Accessing Key Vault from DevOps pipelines
Code requires access
If your code requires access to Key Vault, for example, running integration tests as part of your build pipeline, do the following:
- Using the DevOps project settings, create an Azure Resource Manager service connection using Service Principal Authentication. Docs.
- Add an access policy to your Key Vault on Azure, giving the service principal Get and List permissions for secrets (or whichever other permissions your code requires).

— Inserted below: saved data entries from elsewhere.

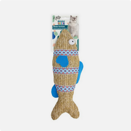 Say hello to the Whisker Fiesta Fish Kicker — a fun, elongated toy made for wrestling, kicking, and pouncing.
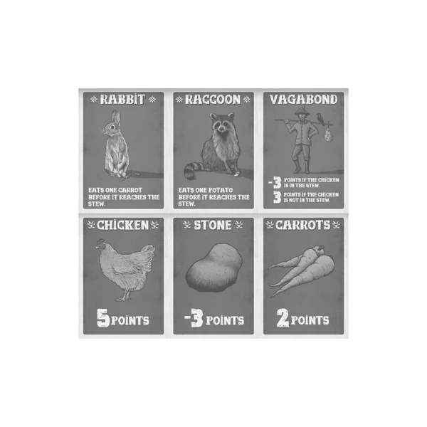 À chaque tour, piochez une carte et choisissez de l’ajouter à votre ragoût ou de nourrir l’un des nuisibles pour protéger votre marmite.Ne tardez pas trop, sinon vos collègues fermiers risquent de manger votre ragoût à votre place !
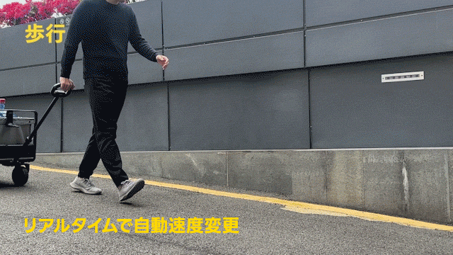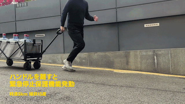 坂道の途中でも、ハンドルを離した瞬間に即座にその場で自動停止し、ユーザーと荷物を安全に守ります。特に急な下り坂や緊急時において非常に有効で、操作ミスや事故を防止し、大人から子供まで安心して利用できます。
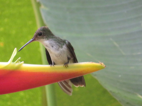 We watched a hummingbird build a nest in some plants close to our garbage can at the beginning of April. She laid 2 eggs soon after. After 2 weeks, one egg hatched and the other one hatched the next day. She doesn’t seem bothered by us watching her on the nest and everyone is interested. Tania had a tripod set up the whole time, taking pictures of this miracle in action. After a few days, the mama didn’t stay in the nest anymore but came to feed them several times a day. It truly was wonderful to watch. We had a rainstorm this past week with thunder, lightning and heavy winds. When we checked the next we were sad to discover one chick had fallen out and died. The other one is still doing great! He should be ready to fly the nest in about another week. The thing about the jungle is that it is a fast-moving and dangerous place for animals and insects. Trees, plants, and flowers grow at an incredible pace here. It’s amazing and I am very fortunate to be able to enjoy this beautiful place for an extended period of time. I’m learning so much!
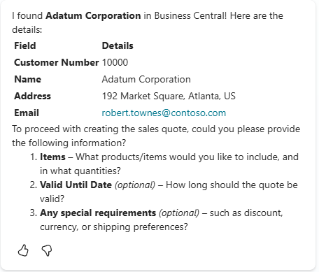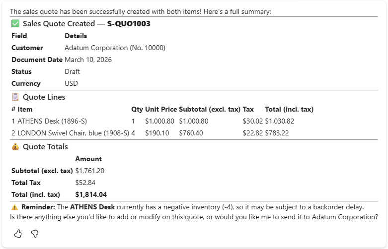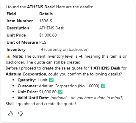 I started with “I would like to make a new sales quote for Adatum Corporation.” and the system responds:
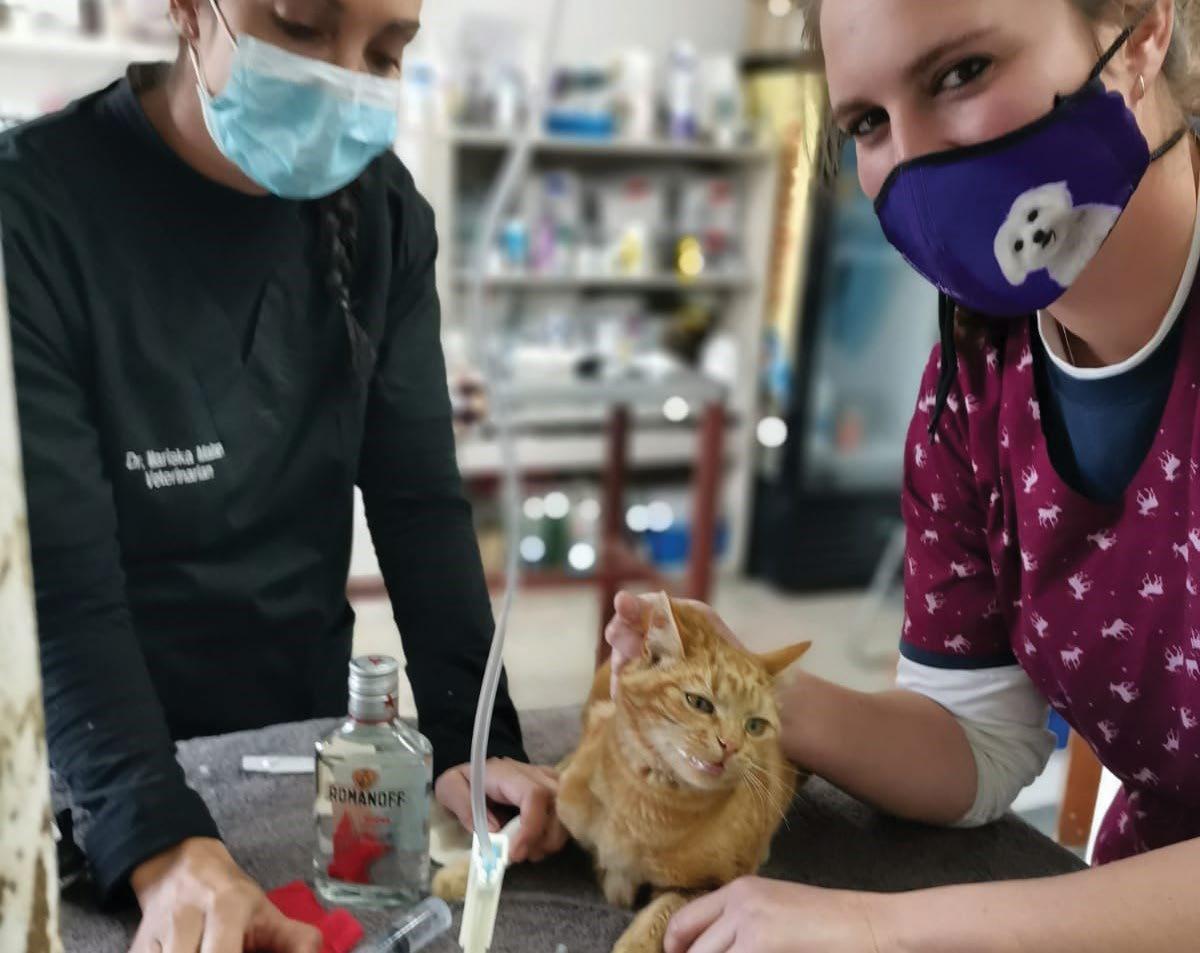 It is stories like these that just show how at even a small animal clinic in the middle of the Free State, South Africa, you can have great minds working quickly to figure out a problem and save an animal’s life. It all started when Babi was rushed to us by Jabu and Reitumetsie (who absolutely love their cat). Babi is known to be a fussy cat, but they became very concerned when he wasn’t eating and, in addition to that, he seemed very weak and feeble, barely able to stand. They scooped him up and carried him in their arms, almost 2kms through the valley, to get to us. Thankfully, Babi had been sterilised and vaccinated previously, so they knew exactly where we were! Thankfully, Dr Katherine was at the Cluny clinic in Fouriesburg with Dr Eunice Olevano (our CCS vet) and Dr Mariska Malan (CCS vet from Ladybrand), who had brought a dog for us to x-ray. The veterinary team immediately suspected poisoning, so Dr K did a cystocentesis (which involves the insertion of a needle through the abdominal and bladder walls to get a urine sample). The urine came out a funny lime/yellow colour! Immediately after she had taken the urine sample, Babi started to projectile vomit watery liquid. His urine tested very high for increased glucose levels. Initially they thought it might be diabetes, but Babi does not have a history of diabetes, and because he was acting and eating normally just the day before, that was quickly ruled out.

- Configure your integration tests to run as an Azure CLI task in the build pipeline. You may want to split your unit tests and integration tests into two tasks. Unfortunately, using the CLI task does not publish the test results to DevOps, so you may also want to configure a third task that combines unit and integration test results. The $(azureServiceConnection) variable contains the name of the service connection which you created in step 1.

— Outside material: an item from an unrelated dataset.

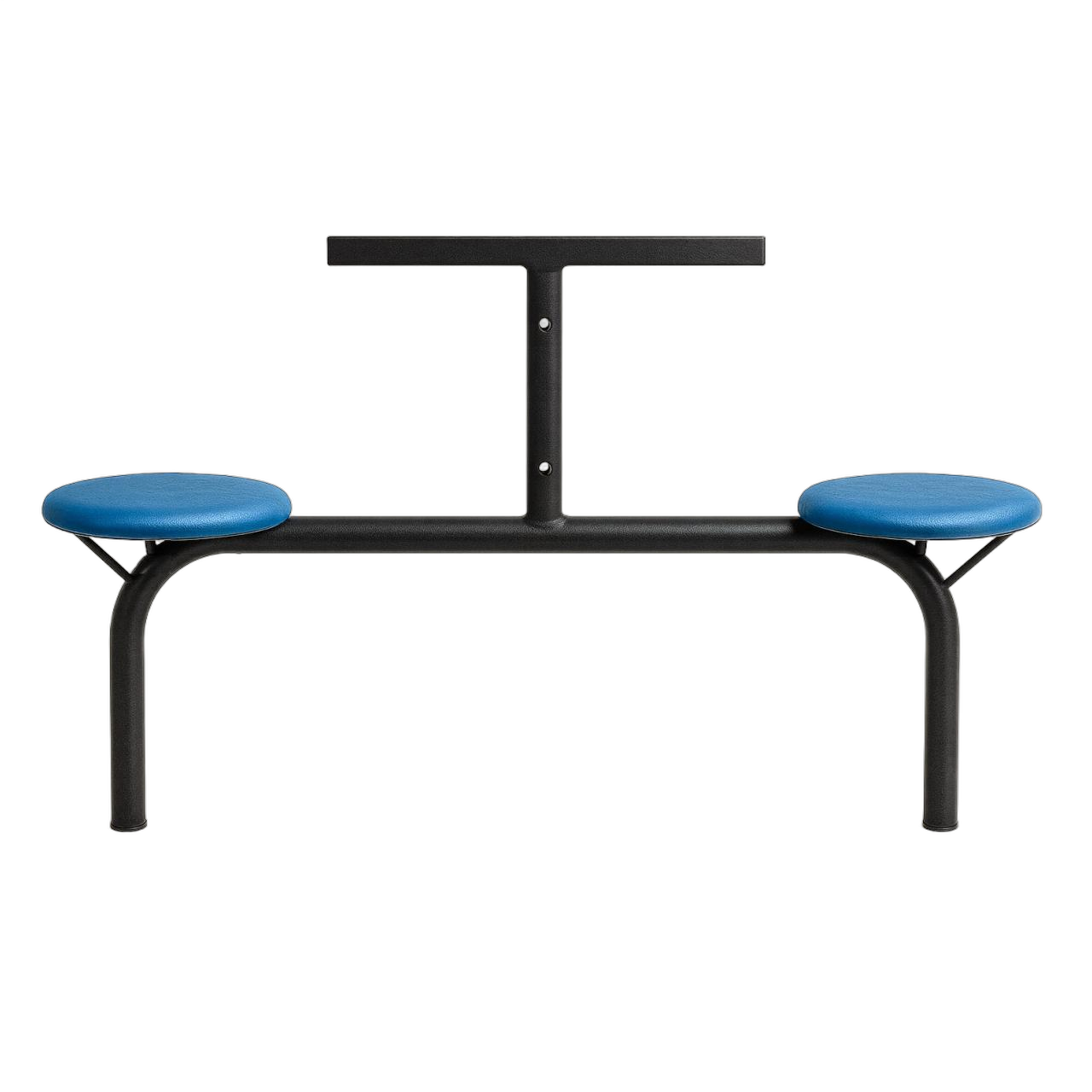 Oito assentos circulares fixos em polipropileno injetado de alta densidade.

- task: DotNetCoreCLI@2 displayName: 'Run Unit Tests' inputs: command: test projects: '**/UnitTests/.csproj' publishTestResults: false arguments: '--configuration $(buildConfiguration) --logger trx --results-directory $(Common.TestResultsDirectory)'
- task: AzureCLI@1 displayName: 'Run Integration Tests' inputs: azureSubscription: $(azureServiceConnection) scriptLocation: inlineScript inlineScript: 'dotnet test $(Build.SourcesDirectory)/IntegrationTests/.csproj --configuration $(buildConfiguration) --logger trx --results-directory $(Common.TestResultsDirectory)'
- task: PublishTestResults@2 displayName: 'Publish Test Results' inputs: testResultsFormat: VSTest testResultsFiles: '*.trx' searchFolder: $(Common.TestResultsDirectory) mergeTestResults: true
- Original source: https://stackoverflow.com/a/56863107
Pipeline requires access
If your pipelines require access to secrets in the Key Vault, for example, if you need deploy resources with secrets in their configuration, one way might be to fetch the secrets during the build or deployment, but this could leak secrets by logging them during the build process. The way around this is to use Key Vault references, which will only resolve the secret within the Azure environment once the resource is deployed. For example, if you need to set a secret as an environment variable for an App Service, add something like following to the App settings field in your Azure App Service deploy task (App settings take the form "-KEY value"):
SUPER_SECRET_VARIABLE @Microsoft.KeyVault(SecretUri=https://your-project-key-vault.vault.azure.net/secrets/super-secret-variable/instance)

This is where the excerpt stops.